Notice the code syntax:

- The first argument is the “Species”, indicating that we have the number of species as our response variable \( \mathbf{Y} \)
- The ~ here separates the response variables from the explanatory variables.
- Finally, the keyword argument “data” indicates to the function to draw these variables all from the variable “gala”
- This is designed to resemble our mathematical form for the model, where we may write,

\[ \begin{align} \mathbf{Y}_{\mathrm{species}} = \beta_0 + \beta_{\mathrm{Area}}\mathbf{X}_{\mathrm{Area}} + \beta_{\mathrm{Elevation}}\mathbf{X}_{\mathrm{Elevation}} + \beta_{\mathrm{Nearest}}\mathbf{X}_{\mathrm{Nearest}} + \beta_{\mathrm{Scruz}}\mathbf{X}_{\mathrm{Scruz}} + \beta_{\mathrm{Adjacent}}\mathbf{X}_{\mathrm{Adjacent}} \end{align} \]

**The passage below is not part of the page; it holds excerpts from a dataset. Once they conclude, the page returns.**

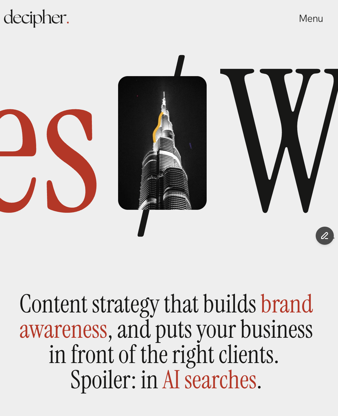 Was wir an Decipher Agency Ltd. am meisten schätzen, ist ihr zukunftsorientierter Ansatz, insbesondere a) wie sie einen Tonfall geschaffen haben, der widerspiegelt, wofür TCA steht, und b) wie sie traditionelles SEO nahtlos mit der Optimierung für KI verbinden. Ihre Einblicke und die Umsetzung von AIEO waren unglaublich hilfreich. Der Vorteil ist eine zukunftssichere Content-Strategie (und Inhalte), die uns einen deutlichen Vorteil verschafft - Glaubwürdigkeit bei bestehenden und neuen Kunden. Darüber hinaus produziert ihr Team konsequent hochwertige, markengerechte Inhalte, und ihre Beratungsdienste sind immer aufschlussreich und werden pünktlich (oder frühzeitig!) geliefert. Bewertung gesammelt von und auf G2.com gehostet.
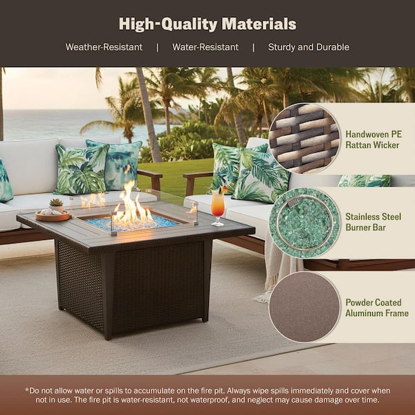 Ethan 42 in. Rattan Wicker Propane Gas Outdoor Patio Fire Pit Table With Aluminum Frame in Brown
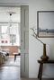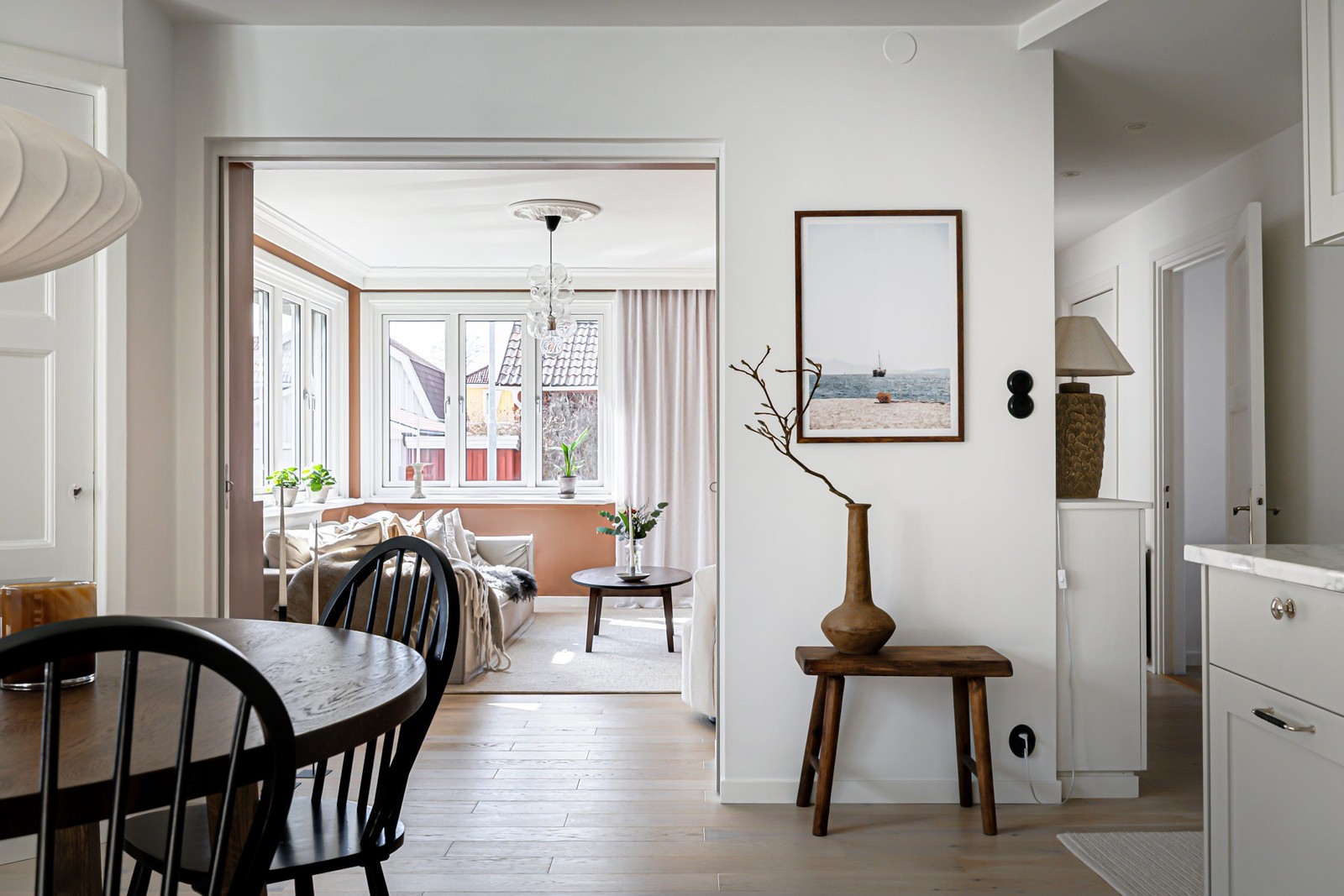 Redan i hallen möts du av behaglig golvvärme som sätter tonen för resten av hemmet. Vidare in finner du ett elegant kök med mjukstängande luckor och noggrant utvalda materialval. De handmålade spegeldörrarna och den platsbyggda bokhyllan bidrar med både charm och karaktär.

Like in the simple regression model, we can see exactly how (for all other variables held fixed) the increase in, e.g., \( \mathbf{X}_\mathrm{Area} \) by 1 \( \mathrm{km}^2 \) corresponds to an increase in the predicted mean function by \( \beta_{\mathrm{Area}} \);

- Thus the \( \beta \) values in multiple regression correspond again to the slope due to increase in a particular predictor.

- What does our linear model look like?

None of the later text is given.